Initially, the procedure receives data associated with online social media interactions of a user from multiple online data sources (block 402). The procedure then creates a user interest profile based on the received data (block 404) and identifies topics of interest to the user based on the user interest profile (block 406). An interest score is calculated for each topic of interest to the user (block 408). Procedure 400 also infers additional topics of interest to the user (block 410) and determines a user interest level associated with each topic (block 412). Additionally, the procedure determines a user expertise level associated with each topic (block 414) and determines an online interaction level of the user associated with each topic (block 416).
[0044] When evaluating topics, the procedures described herein determine the popularity of a particular topic. The procedures also evaluate the interest level and activity level of particular users with respect to specific topics. Also, an experience level (e.g., expert status) is determined based on how many people follow a particular individual regarding a specific topic (i.e., the number of followers that seek guidance from the individual related to the specific topic). The quality of content generated by a particular individual is also evaluated when determining an expertise (or experience) level of the individual with a particular topic. For example, the procedures evaluate the quality and frequency of microblog posts and other social media content associated with the user. If the content is generalized or provides minimal value, the individual's expertise or experience level may be reduced. If content is communicated infrequently, the expertise level can be further reduced. Additionally, the procedures evaluate the quality of landing pages or other web pages that the individual directs followers to in their social media communications and other content.

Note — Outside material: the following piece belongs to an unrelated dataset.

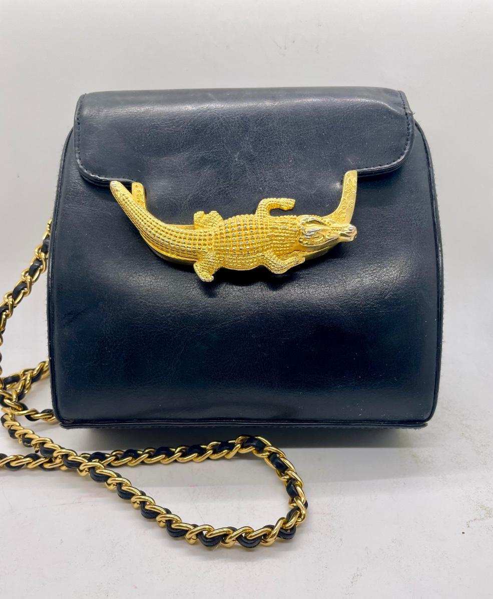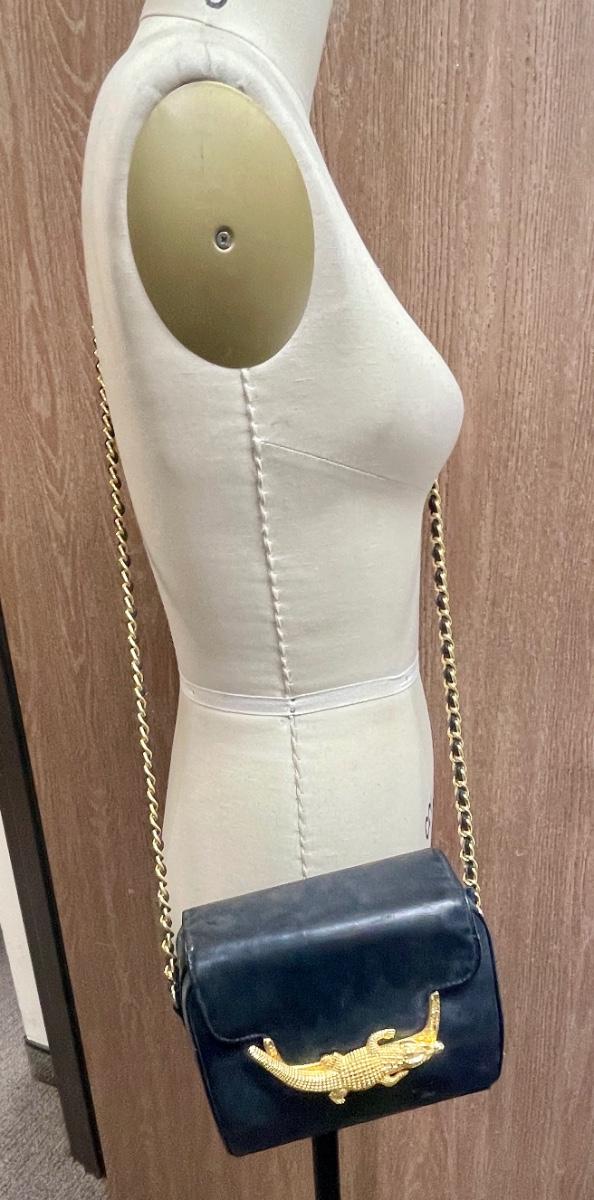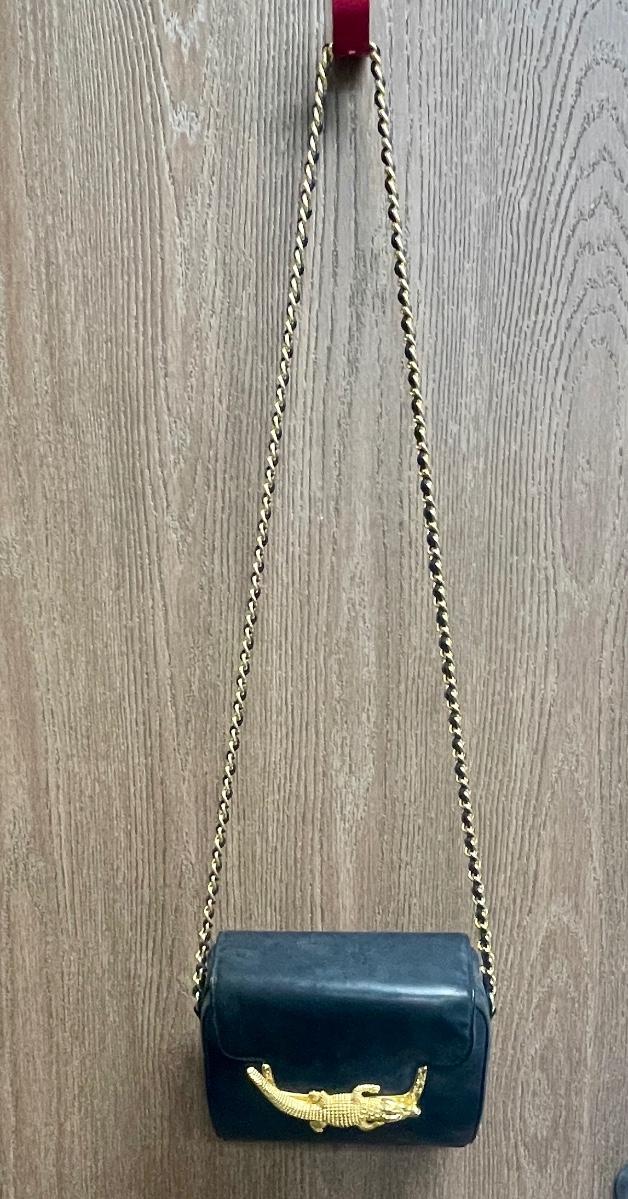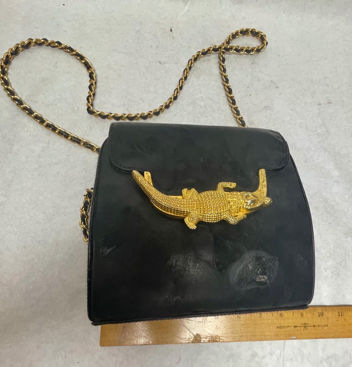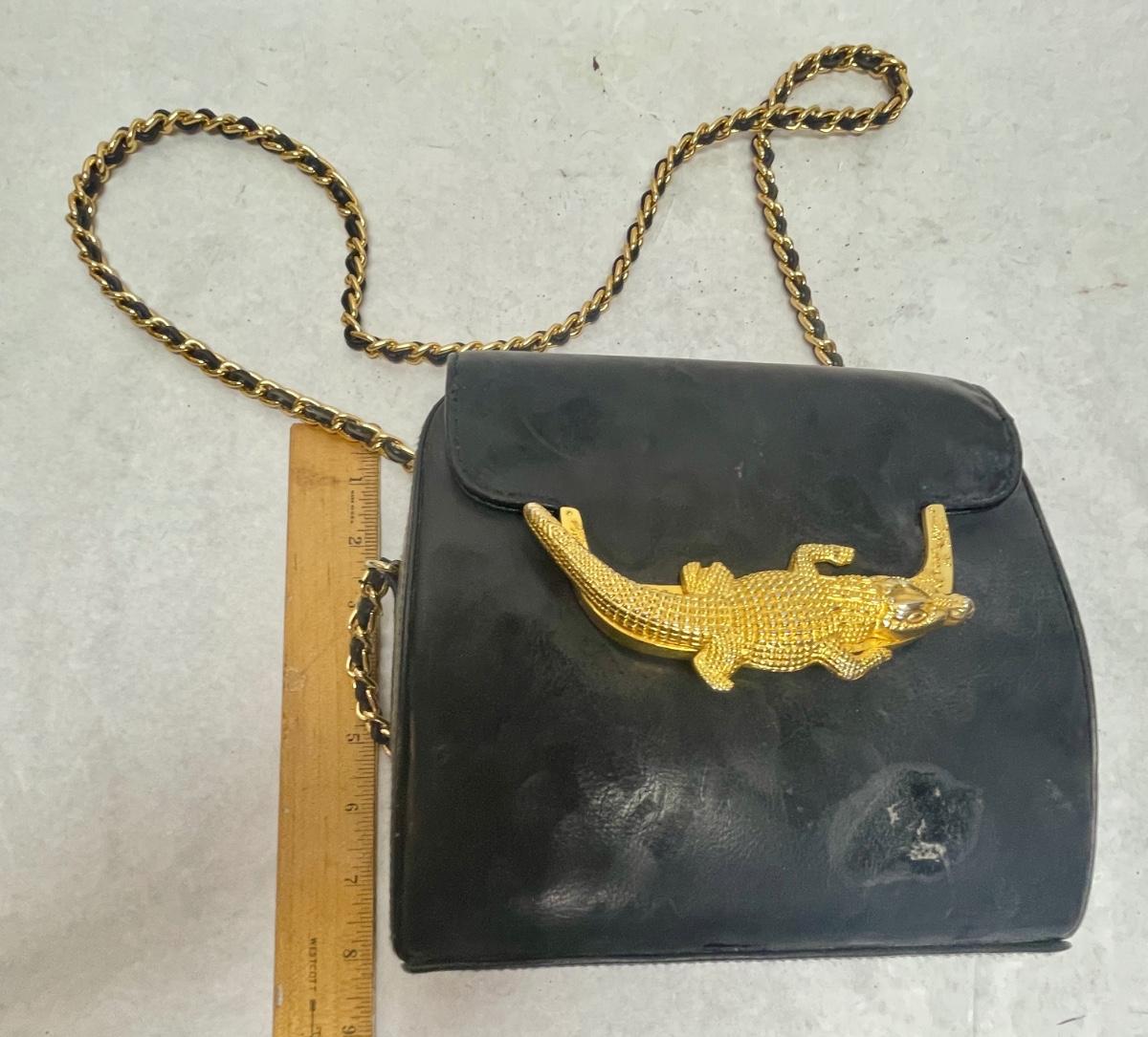 Black leather-like material with a gold tone alligator on the flap. Gold tone chain and leather strap. Good condition.

Determining whether someone is an "expert" in a particular topic may vary depending on the popularity of the topic. For example, if a topic is very popular with numerous social conversations, an "expert" will be more active with conversations on this popular topic than an "expert" in a topic that is less popular.
[0045] The procedure of Fig. 4 continues by determining time periods of significant online social interaction by the user (block 418). For example, a Attorney Docket No. 3452.003WO1 particular user may be active from 8:00-9:00am and again from 7:00-9:00pm. These periods of activity are useful in determining when to communicate certain targeted advertisements or other information to the user (e.g., time periods when the user is likely to be online to immediately receive those targeted
advertisements or other information). Finally, procedure 400 displays various user interests and related data (block 420), such as data regarding the user's online social media interactions. This data is displayed, for example, to an administrator or other user responsible for generating or managing
advertisements.
[0046] Fig. 5 illustrates an example display 500 of user interests and related information. In this example, table 502 shows that a user (Kierstenn) has interests in the topics of fashion, pets, TV and sports. Each of those four interests has an associated level (e.g., interest level) and role. The role indicates the user's activity level and/or type of activities of the user for each interest. For example, Kierstenn is active in fashion, has moderate activity regarding pets, is a listener for TV content, and has moderate activity regarding sports. An "active" role may indicate a user that provides information or regularly participates in discussions on the topic. A "listener" is a user that receives information about the topic, but does not provide as much information on the topic to other users. A "moderate" role has an activity level between "active" and "listener".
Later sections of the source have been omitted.